> Problem: In the data below, find the line with "Malishka Export Sequance" and the line with "Marc-Olivier Legault a", then restate both and every line between them exactly, minus the pictures.

---- Data

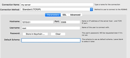 mysql 서버에 mysql 워크벤치라는 클라이언트가 접속하는 방법은 일종의 북마크 같은 방식으로 한다. '동그라기 안에 있는 더하기 버튼'을 누르면 'Setup New Connection' 화면이 뜬다.
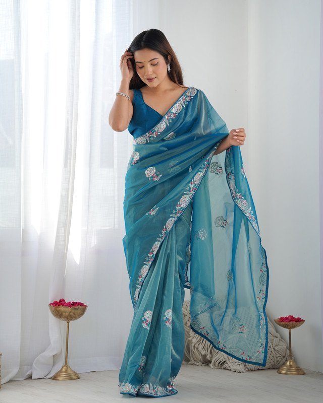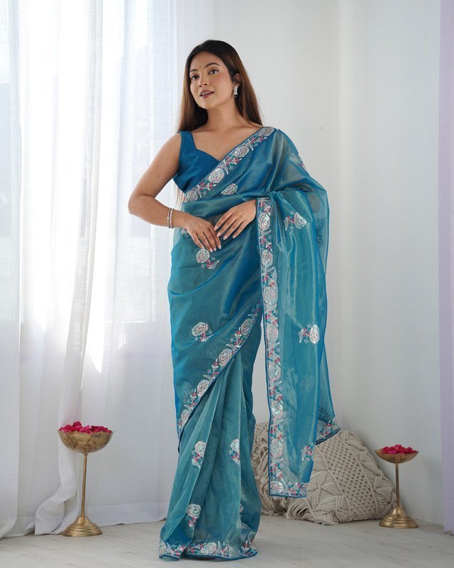 Malishka Export Sequance Twills Net Petrol Saree With Unstiched Blouse Piece
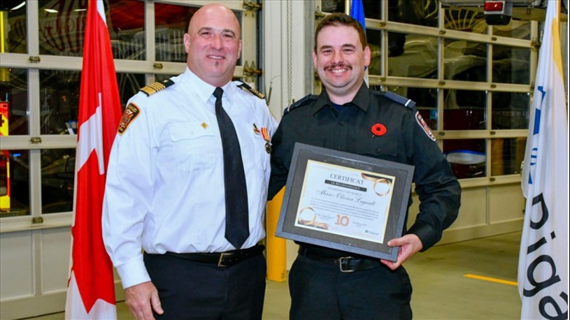 Marc-Olivier Legault a été honoré pour ses 10 ans de service
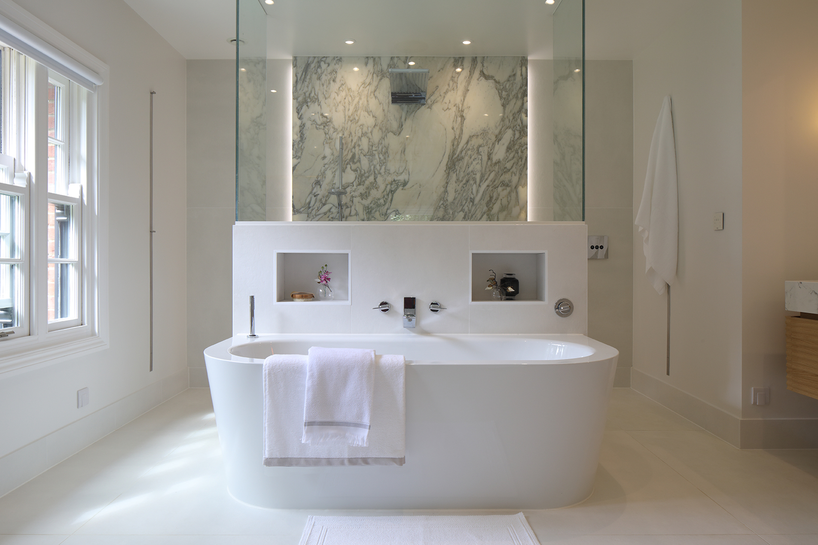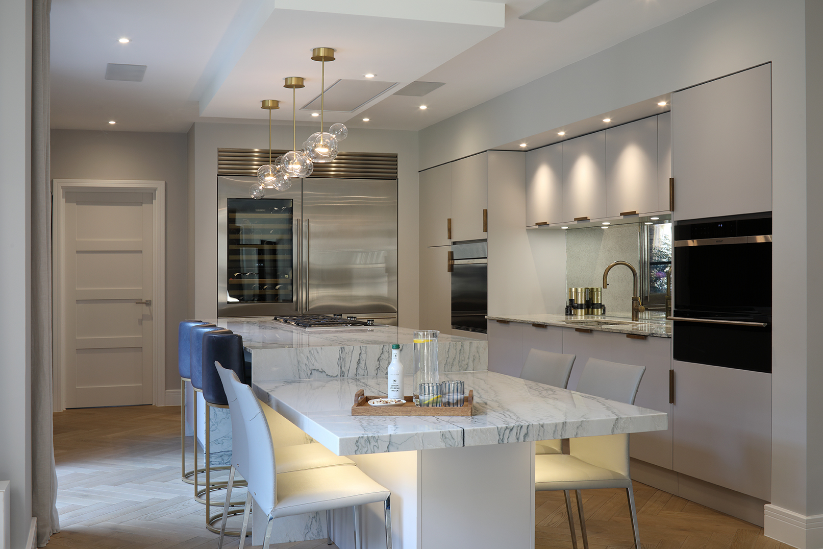 Marble, wooden slated panelling, antiqued glass and sprayed grain finishing create compelling contrasts and enveloping depth throughout this home, with varied light sources offering ambiance and exceptionally crafted bespoke joinery ensuring the scheme was finished to a high standard and built to last in a busy family environment.
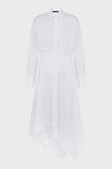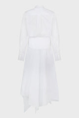 White poplin dress from Mugler, it has asymmetric lower hemline, draped effect and button closure.
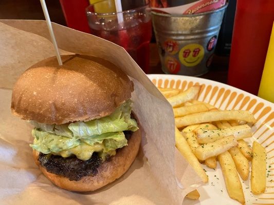 (パテ×2、アボカド、チーズ、ソテーオニオン、トマト、レタス、ピクルス)ポテト&ドリンク付き1,550円(バーガー単品-300円、バーガー&ポテト-150円、バーガー&ドリンク-150円)と、色々なチョイスがあります。
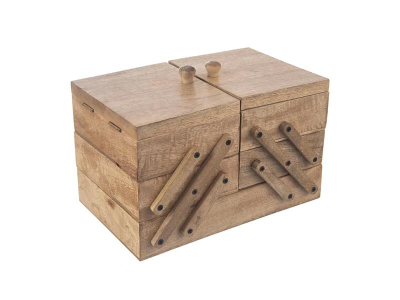 Rozkládací kazeta na šití přehledně uloží potřeby na šití, vyšívání, háčkování... Můžete ji využít také jako šperkovnici nebo úložný prostor na jiné drobnosti. Je rozdělena do 5 úložných sekcí, má dvě odklápěcí víčka. Technické parametry: Materiál: dřevo mango, kov, mosaz (panty), magnet Rozměry: 30,5/72x20x21 cm
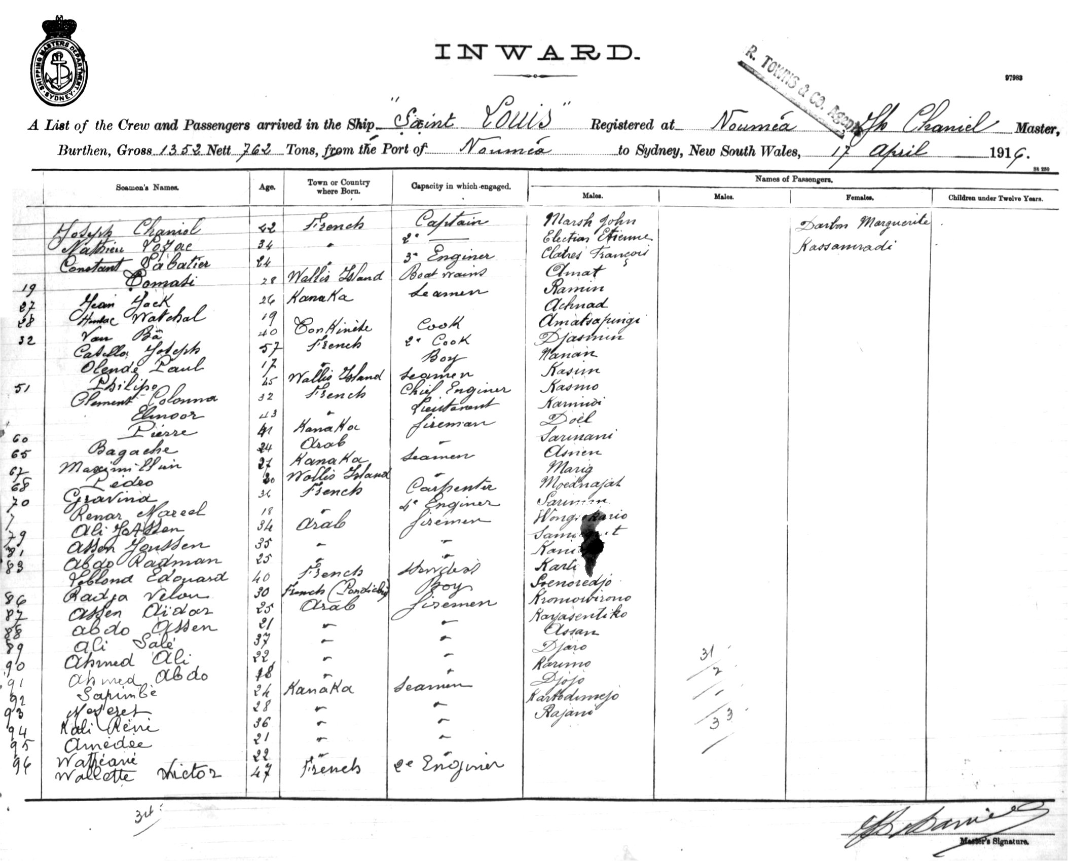 SAINT LOUISOF NOUMEA, JOSEPH CHANIEL, MASTER, BURTHEN 1352/762 TONS FROM THE PORT OF NOUMEA TO SYDNEY, NEW SOUTH WALES, 17TH APRIL 1916 |
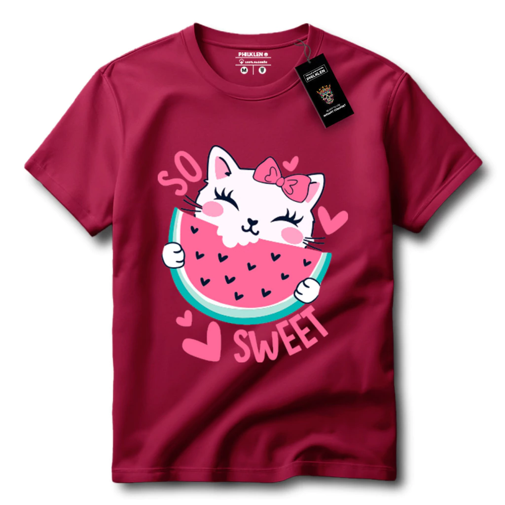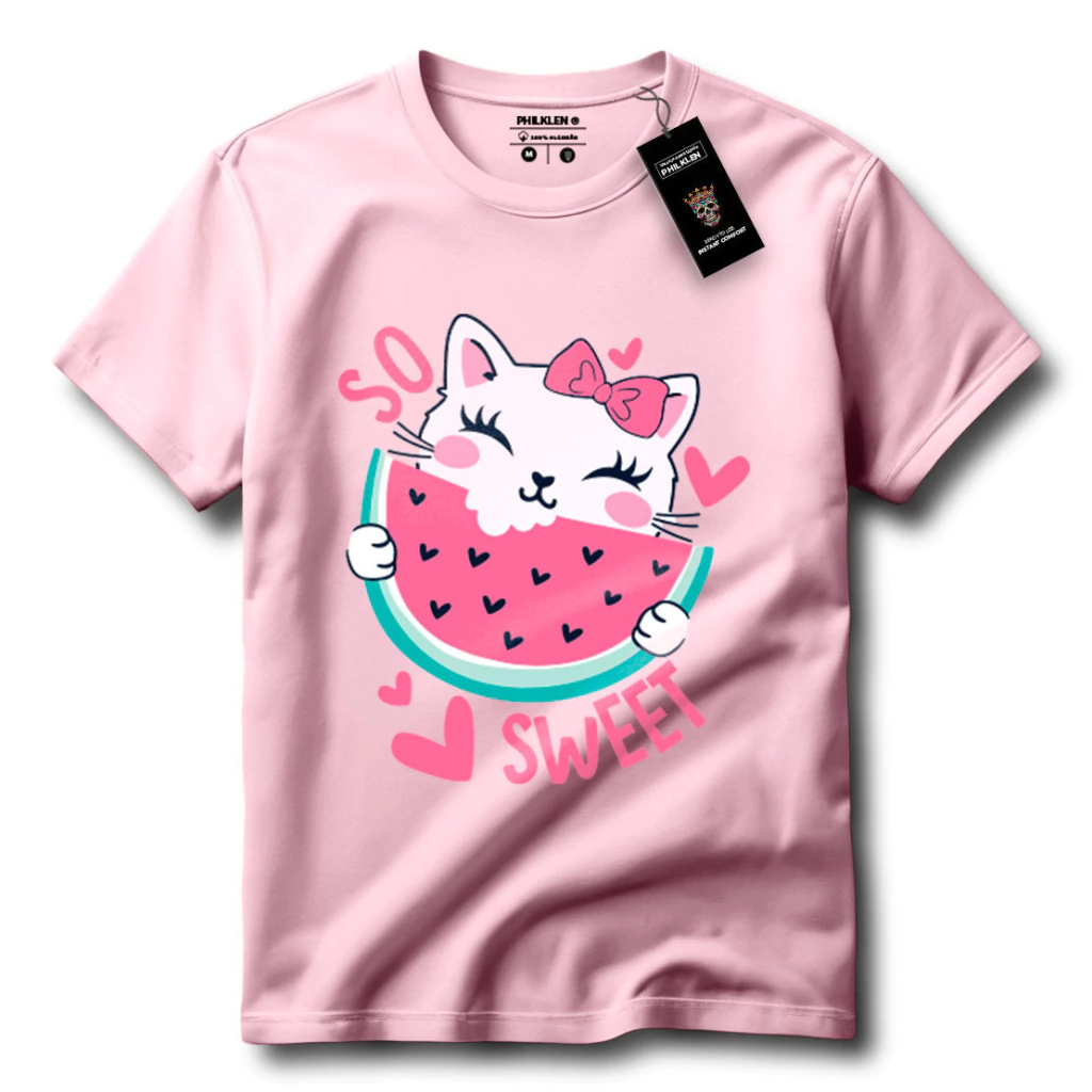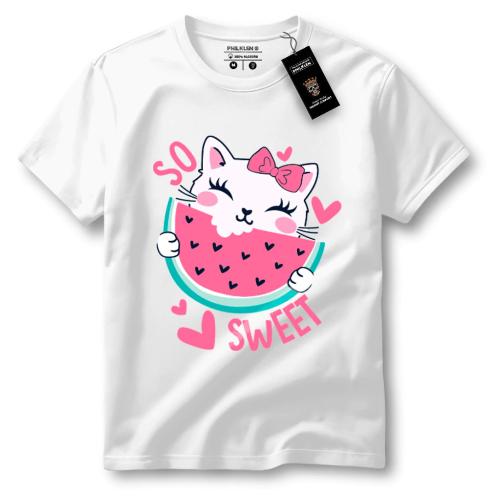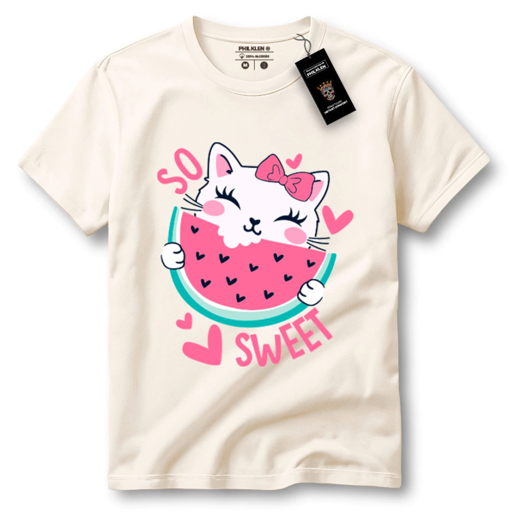 Apresentamos nossa Camiseta Feminina de Algodão com Estampa Adorável de Gatinha e Melancia da marca Philklen! Essa camiseta encantadora é perfeita para quem ama um estilo doce e divertido. Com uma estampa fofa de uma gatinha segurando uma fatia de melancia, acompanhada pela frase "SO SWEET", ela traz um toque de alegria e descontração ao seu guarda-roupa. Confeccionada em 100% algodão premium, oferece conforto e um caimento ideal para o uso diário. Adicione um toque de charme à sua coleção com esta peça irresistível!

--------

> Result of the exercise:
 Malishka Export Sequance Twills Net Petrol Saree With Unstiched Blouse Piece
 Marc-Olivier Legault a été honoré pour ses 10 ans de service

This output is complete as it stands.